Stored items
=====
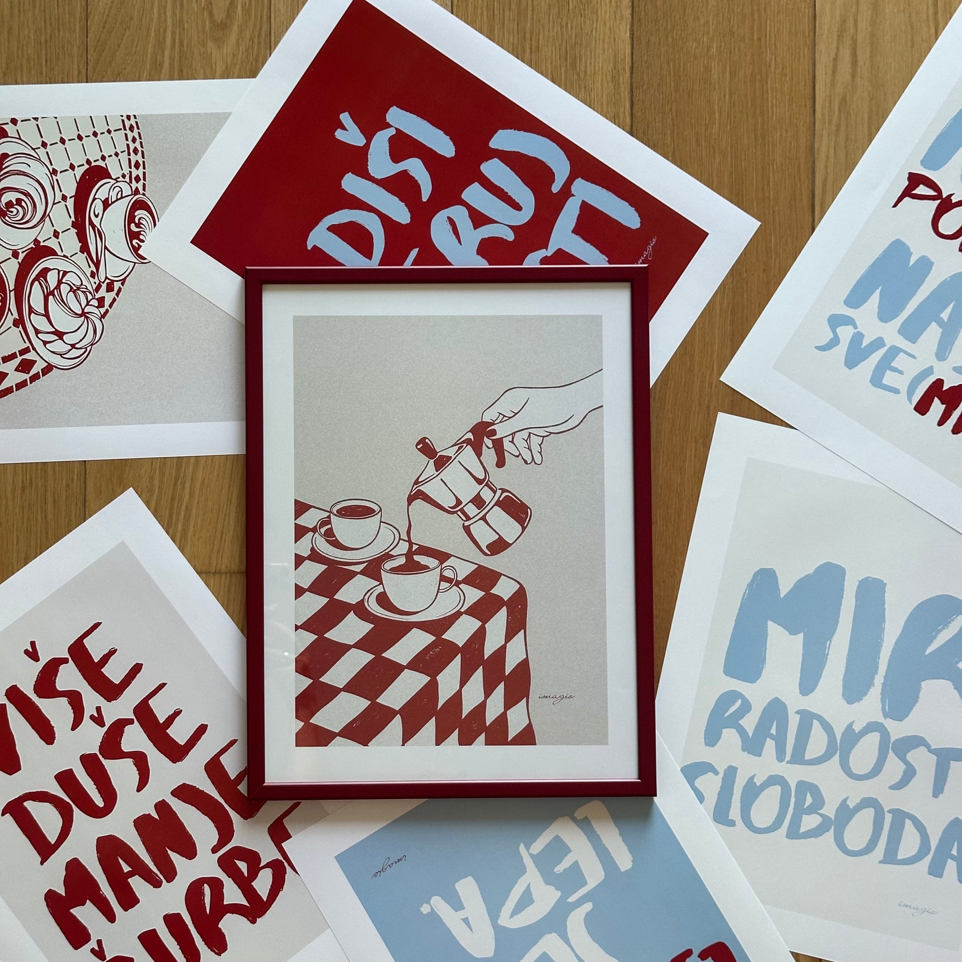 Sa dizajnom rukom oslikanih slova u umirujućim tonovima, integrisanim belim paspartuom i elegantnim bordo ramom, ovaj art poster unosi smisao i harmoniju u svaki prostor.
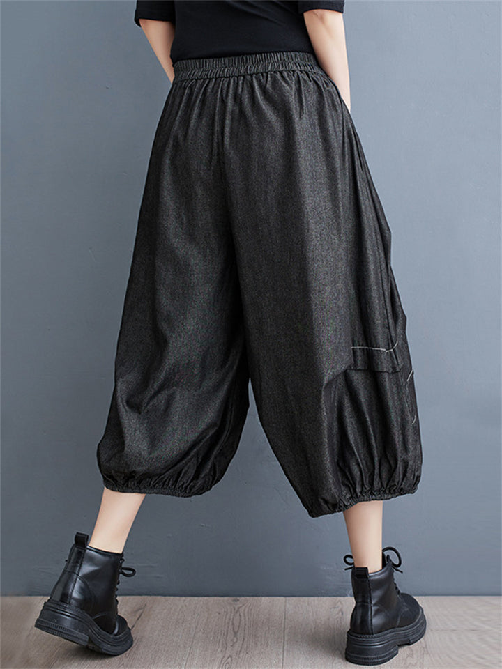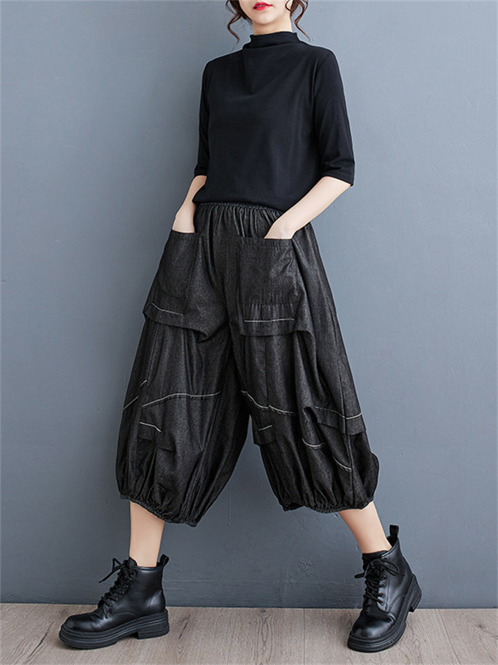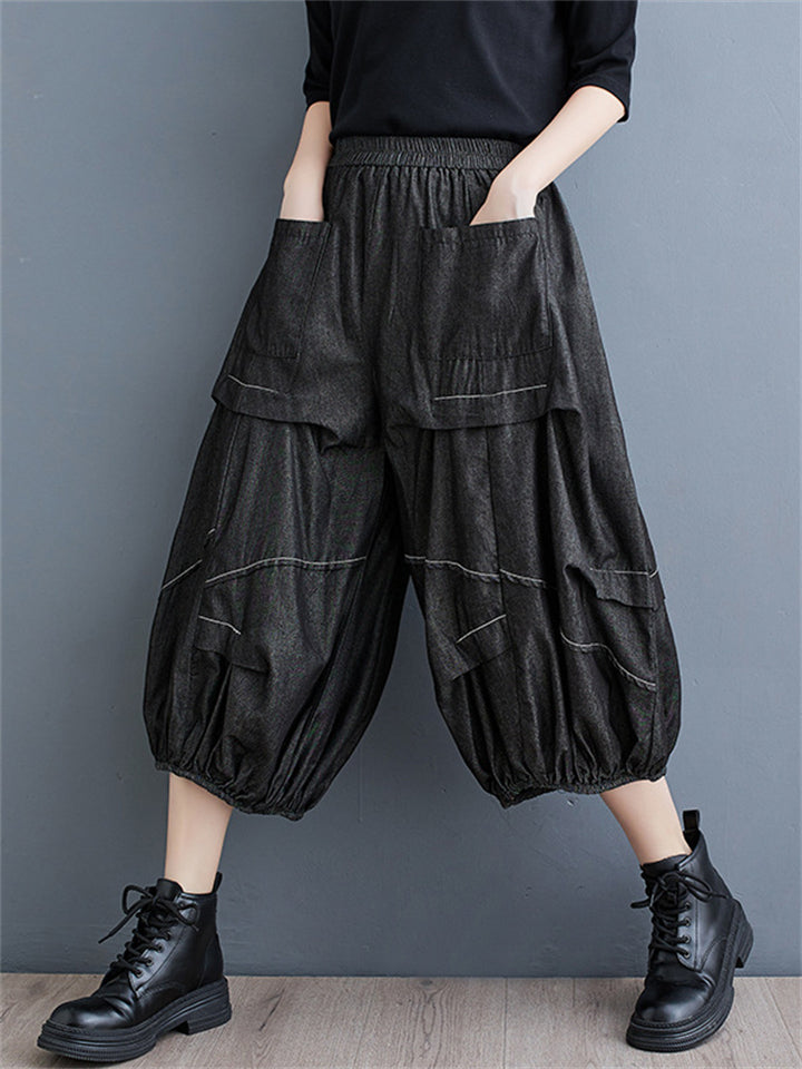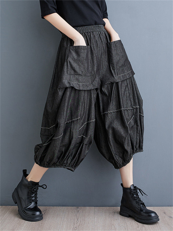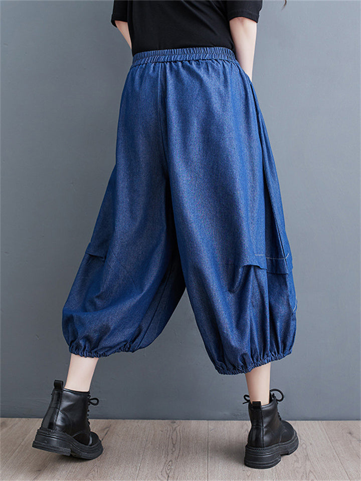 Irregular Pleated Casual Cropped Lantern Jeans for Women
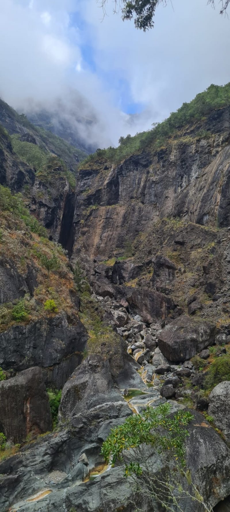 On peut, une fois n'est pas coutume, emprunter un sentier destiné à nos amis canyonistes pour se régaler de nouveaux spectacles, parfois aquatiques ou de panoramas inhabituels. C'est le cas de ce très court trajet tout en montée qui quitte la route de l'îlet à Cordes pour se rapprocher au plus près de la haute cascade dont on aperçoit le sommet depuis le pont. On comprend très vite en arrivant au terminus que la dernière corde partant vers le vide n'est pas faite pour un randonneur, surtout s'il souffre du vertige. Le circuit est très court et peut très bien se combiner avec la montée à la Cascade Pitsa puisque le sentier de départ est commun sur 50 mètres. Attention, si on peut effectuer cet aller-retour par mauvais temps il en va tout autrement de la cascade Pitsa qui se pratique presque totalement sur rochers glissants. Ne pas manquer, dans les trouées de la montée, les dernières chutes de la Ravine les Salazes qui se jettent dans le Bras Rouge. Là-haut, c'est un paysage fantastique qui attend les courageux qui auront monté ces 200 mètres et un peu redescendu jusqu'au bord du précipice. Il est fortement déconseillé d'amener des enfants en raison des à-pics de la falaise en fin de parcours.
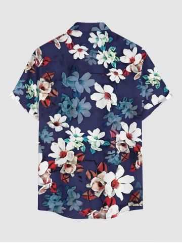 Plus Size Flower Leaf Print Buttons Pocket Hawaii Shirt For Men - Cadetblue - 3xl
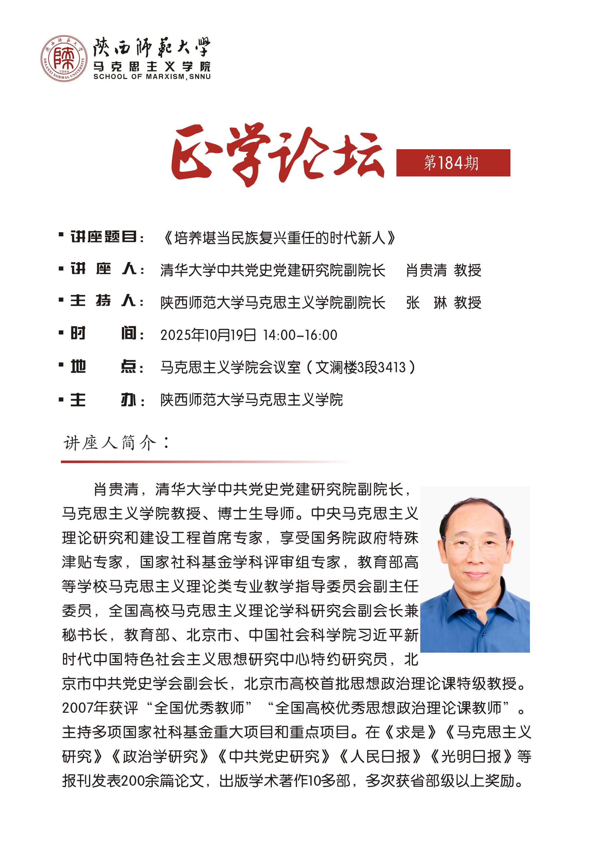 【正学论坛】第一百八十四期 肖贵清:培养堪当民族复兴重任的时代新人
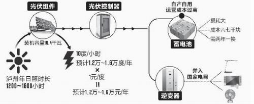 王坤介紹,氣象部門披露的數(shù)據(jù)顯示,多年以來,瀘州的年日照時長可達1200至1600小時。“根據(jù)我目前的裝機容量。太陽每照耀一小時,即可發(fā)電10度。一年下來,可發(fā)電1.2萬度至1.6萬度。國家電網(wǎng)目前收購價為1元/度,這也意味著,單靠樓頂這個發(fā)電站,保守估計,每年可實現(xiàn)收入1.2萬元。建設這個小型發(fā)電項目,投入為7萬余元。7年即可收回成本。由于使用年限可達20至25年,剩下的時間,則為純利潤。”
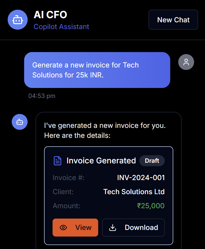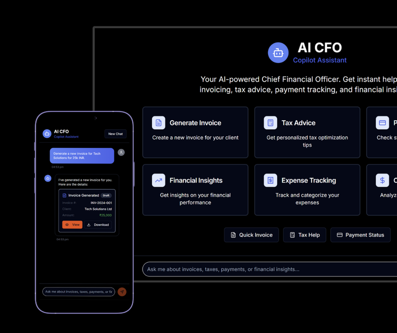 It acts like your personal finance assistant – helping you raise invoices, answer tax questions, track payments, and get real-time insights, all through a simple chat interface.
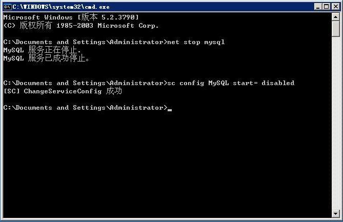 方法二:打开“开始”菜单→“运行”,在运行窗口的输入框里输入“cmd”,确定,在光标处输入“net stop mysql”回车,即停止MYSQL服务,在光标处输入“sc config MySQL start= disabled”回车,即将启动类型改为禁用,如下图(图11)
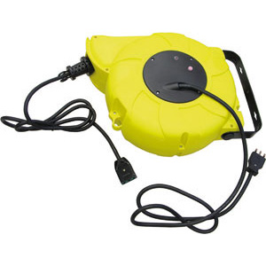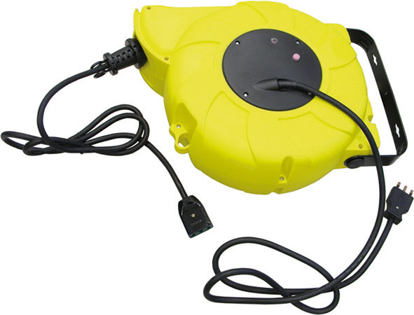 Tipo pesante professionale, in robusto materiale plastico. Potente molla a spirale, a forte propulsione, con dispositivo di arresto a molla disattivabile. Montaggio a parete e a soffitto, orientabile. Protezione anti-surriscaldamento con spia di controllo rossa. Completo di cavo flessibilie ad elevato scorrimento, con presa 16 A, cavo di allacciamento e spina 16 A, 250 V.
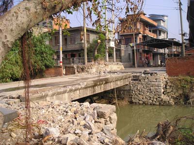 上岐勤耕村(犁头前)通往下井边,要过江浦,过去江面上仅铺设木桥,俗称“蝴蝶道透”,所谓“透”,其实就是独木桥。上世纪60年代,大搞“车子化”,这里建成水泥桥,但桥窄坡陡,交通多有不便。最近,上岐管理区在这里重修路桥,桥加寬了,路也平坦了,群众拍手叫好。真是又一个民心工程!
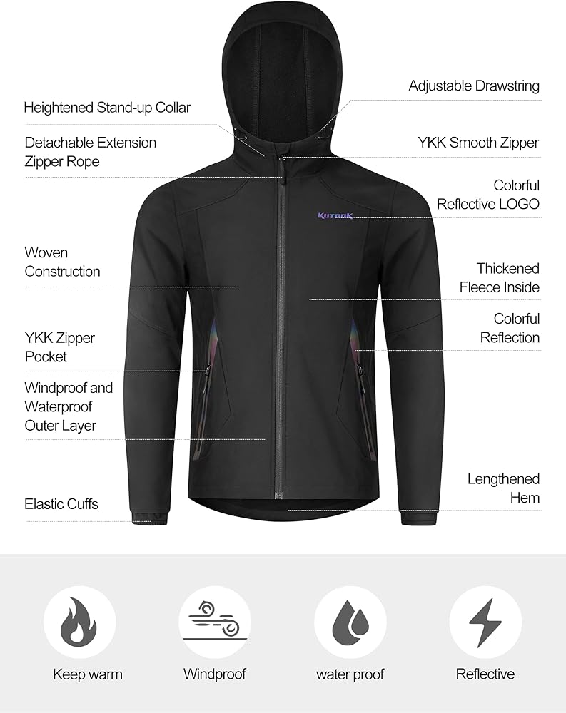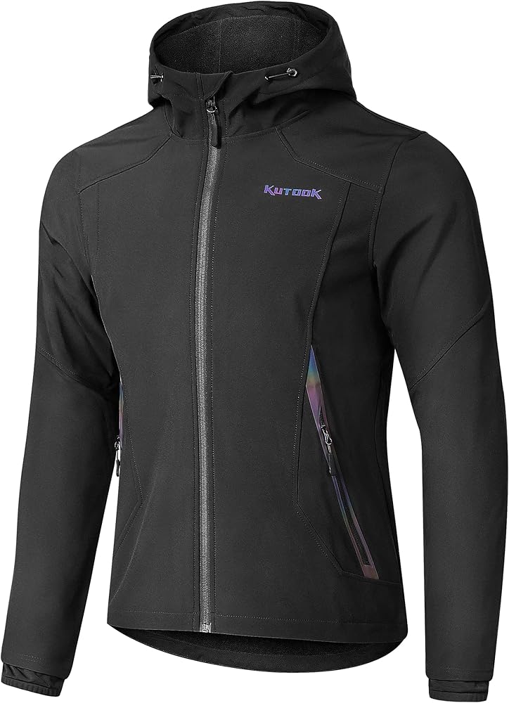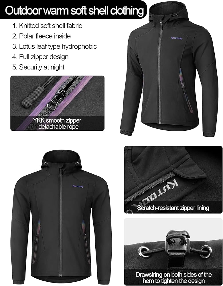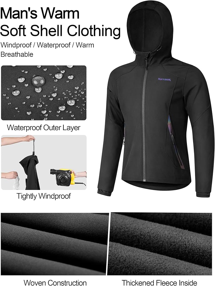 KUTOOK Men's Hooded Softshell Cycling Jacket Thermal Fleece Windbreaker Windproof Warm Jacket Outdoor Hiking
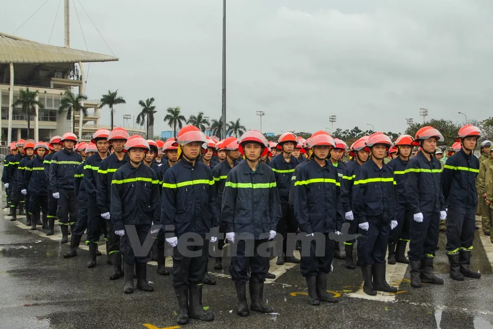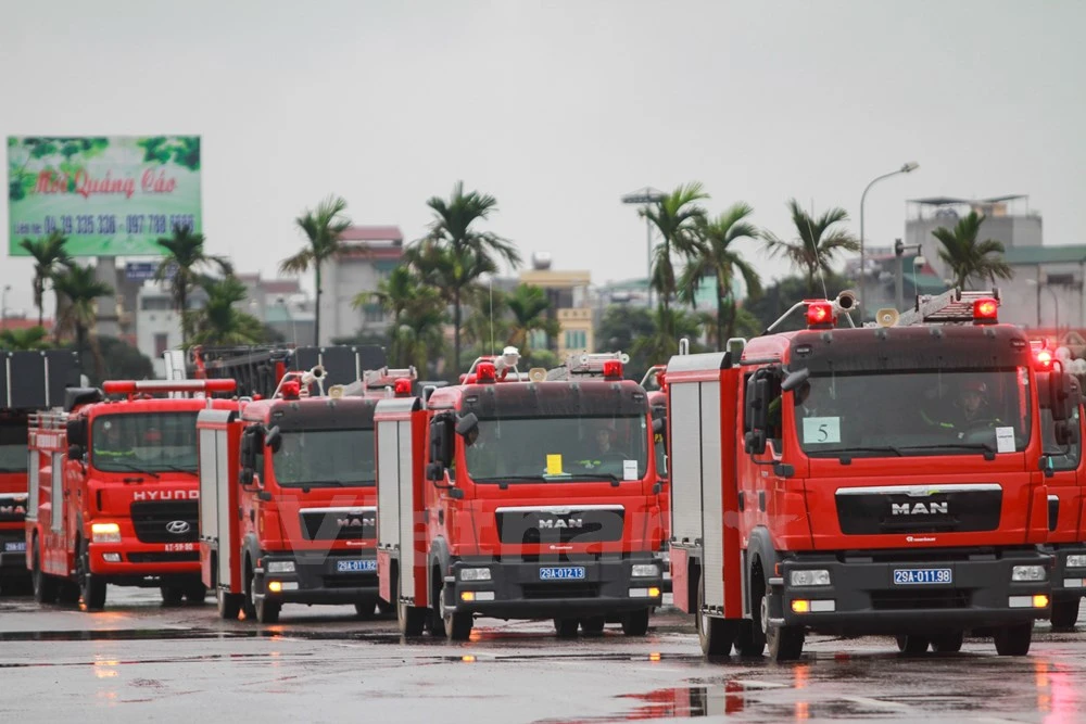 Khối xe Phòng cháy chữa cháy của Cảnh sát PC&CC Thành phố và Bộ Tư lệnh Thủ đô có sức chứa 4000-5000 lít nước và 400 lít bọt chữa cháy có lăng giá trên xe phun bọt với lưu lượng 1200 lít/phút tạo ra các cột nước cao đến 30 mét. (Ảnh: PV/Vietnam+)
=====
Please set down exactly the lines from the first line of the data above through the line with "Irregular Pleated Casual", both included, leaving out the pictures.

 Sa dizajnom rukom oslikanih slova u umirujućim tonovima, integrisanim belim paspartuom i elegantnim bordo ramom, ovaj art poster unosi smisao i harmoniju u svaki prostor.
 Irregular Pleated Casual Cropped Lantern Jeans for Women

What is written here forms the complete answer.